The league offered players a 46 percent of basketball-related revenue, 11 percent less than they received in last deal and seven percent less than last proposal by players, a league source said. Owners agreed to try to come up with a mechanism to solve their issues without adding a hard salary cap before the next meeting, according to the source.
The next negotiating session has not been scheduled, but the two sides agreed to contact each other with possible dates to reconvene next week, sources said. Whenever a deal is struck, it is expected to take at least two weeks to write out the complete terms and hash out the finer points.
A period for free agency and then a training camp, however truncated, also would be necessary before the regular season could begin. Most experts agree a minimum of four weeks is necessary to get it done, making the last week in September the absolute deadline for a deal to be struck before regular season games would have to be postponed or canceled.
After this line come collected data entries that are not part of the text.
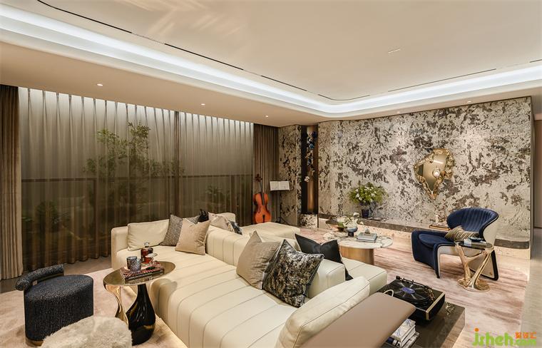 空間的佈局巧妙而富有層次感,沙髮的曲線如流水般柔和,將整個區(qū)域串聯(lián)成一體,在靜謐中展現(xiàn)出深邃。光影的交錯如同生命的脈搏,爲(wèi)空間注入了靈動。
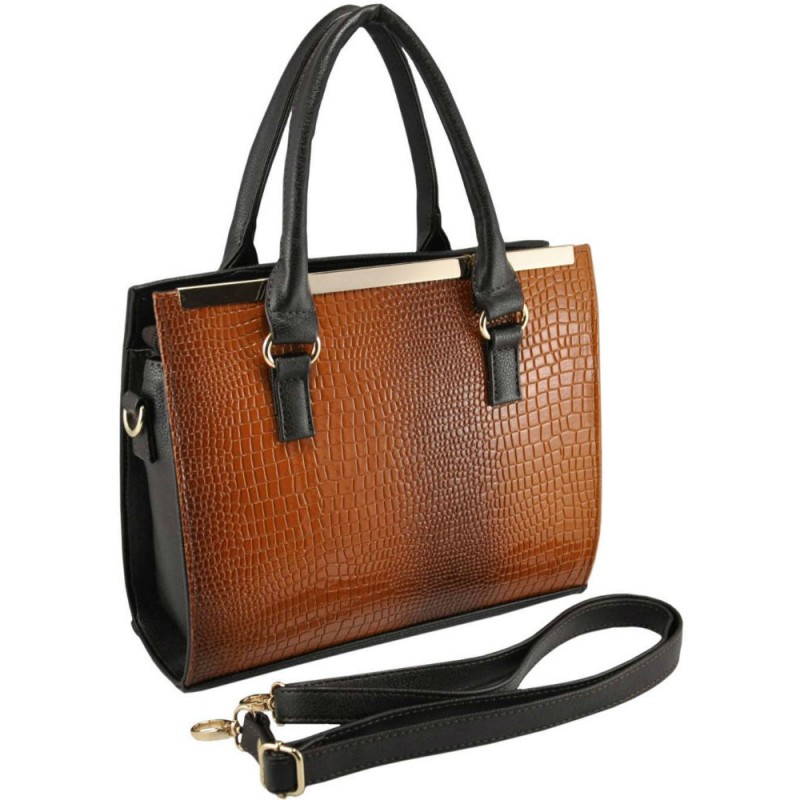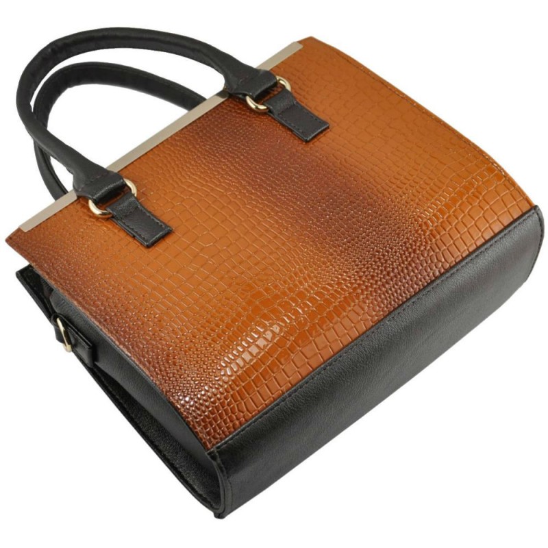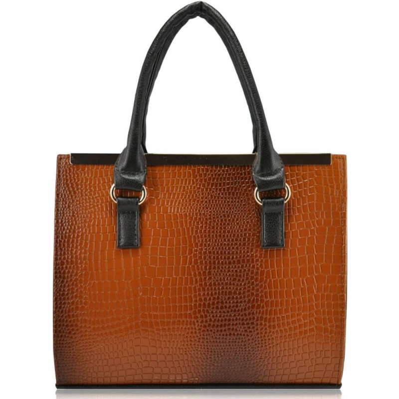 - Классическая женская сумка 35247 рыжая с крокодиловым тиснением спереди.
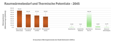 Zur Deckung des Wärmebedarfs werden CO2-Emissionen in Höhe von ca. 175 Tsd.t CO2 /a verursacht. Diese Emissionen sollen nachhaltig reduziert werden. Darauf konzentrieren sich die Bemühungen der Stadt Detmold mit der Erreichung der Klimaneutralität auch im Wärmesektor.
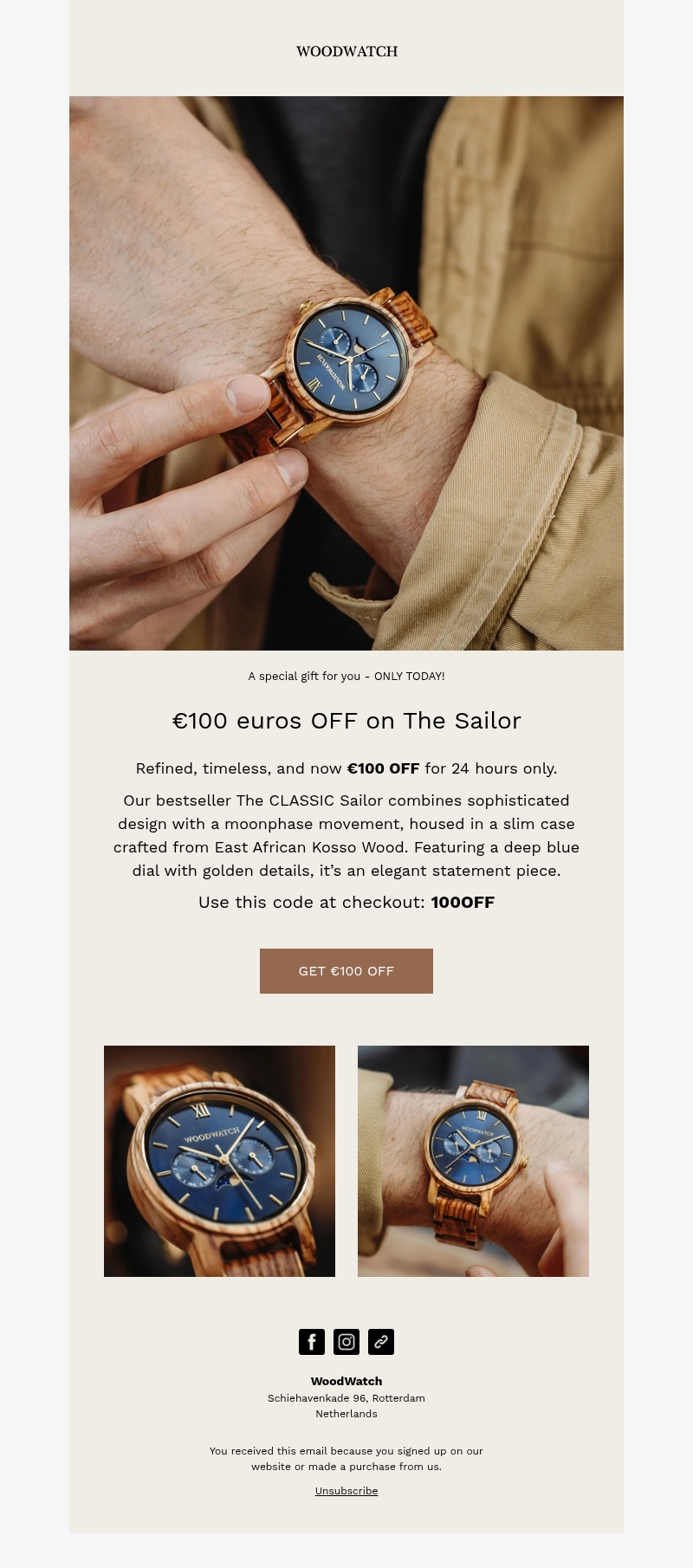 Ontdek de geraffineerde en tijdloze Klassieke Sailor horloge met een exclusieve korting van β¬100. Dit meesterwerk, vervaardigd uit Oost-Afrikaanse Kosso hout, combineert een maanstand uurwerk met gouden details tot een elegant statement. Haast je, want deze aanbieding geldt slechts 24 uur lang.
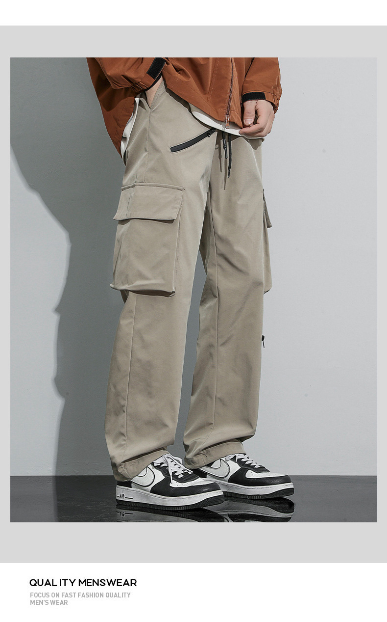 NASA 아메리칸 스타일, 남성용 얇은 느슨한 캐주얼 스트레이트 기능성 대형 포켓 트렌디 브랜드 바지스토어 가기
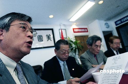 當地時間3月9日,舊金山中國統一促進會、北加州中國和平統一促進會和海外興中會發表聯合聲明,堅決反對臺灣當局“入聯公投”。中新社發 陳鋼 攝
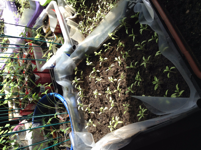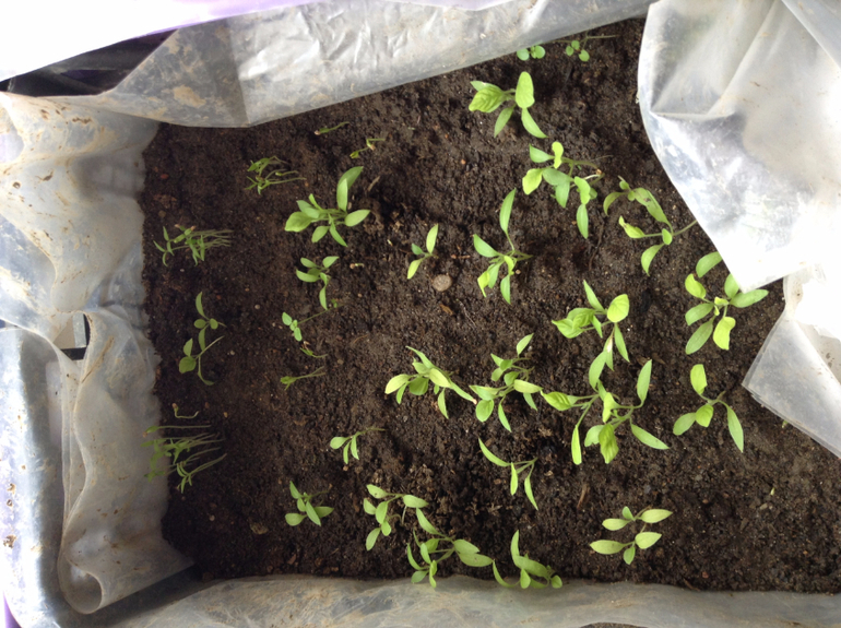 У нас в грунт ещё ничего не высадишь. Снег с дождём, слякоть и мерзость. Но рассада на подоконнике растёт.

Stern acknowledged Thursday that "the calendar is not our friend" when it comes to keeping the NBA season intact.
The league is at about the same point as when it postponed training camps in 1998, the only time it lost games to a work stoppage. The decision then came on Sept. 24 for camps that were set to begin Oct. 5. This year, players would be expected to report Oct. 3.
The regular season is scheduled to open Nov. 1, with the defending champion Dallas Mavericks hosting the Chicago Bulls. Though both sides have repeatedly said there is still time for a deal that would leave the regular season unaffected, neither would say so Thursday -- with union president Derek Fisher of the Los Angeles Lakers using virtually the same words as Stern about the coming weeks.
"I don't have control of that part of it, that would be more of a commissioner Stern, Adam Silver question in terms of logistics of starting the season on time," Fisher said. "I'm not going to try and make a guess on that one. The calendar's obviously not our friend, but we're not going to give up on the process because of the time."
Asked again if he thought things were far enough along to still believe in a Nov. 1 start, Stern said: "I don't have any response to that. I just don't. I don't know the answer."
Stern celebrated his 69th birthday Thursday but didn't appear in a festive mood after meeting for about five hours with leaders from the union. He was joined by Silver, the deputy commissioner, Spurs owner Peter Holt, who heads the labor relations committee, and NBA senior vice president and deputy general counsel Dan Rube. Fisher, Hunter, attorney Ron Klempner and economist Kevin Murphy represented the union.
Those small groups had good talks in recent weeks, but things went poorly last Tuesday when they were rejoined by their full committees. Hunter said after that meeting that players planned to make a "significant" financial concession, only to find that owners refused to agree to their condition of leaving the current salary cap system as is.
Fisher said he didn't believe Thursday's talks moved the situation beyond where it was last week.
Stern said the owners' labor relations committee would talk Friday, and both sides said they hoped to meet again next week.
"We'll keep working at it until we figure this thing out, but right now there isn't anything to really report or say," Fisher said. "I don't have any answers to any questions, other than we'll keep working until we find some solutions."
Ric Bucher is a senior NBA writer for ESPN The Magazine. Information from The Associated Press was used in this report.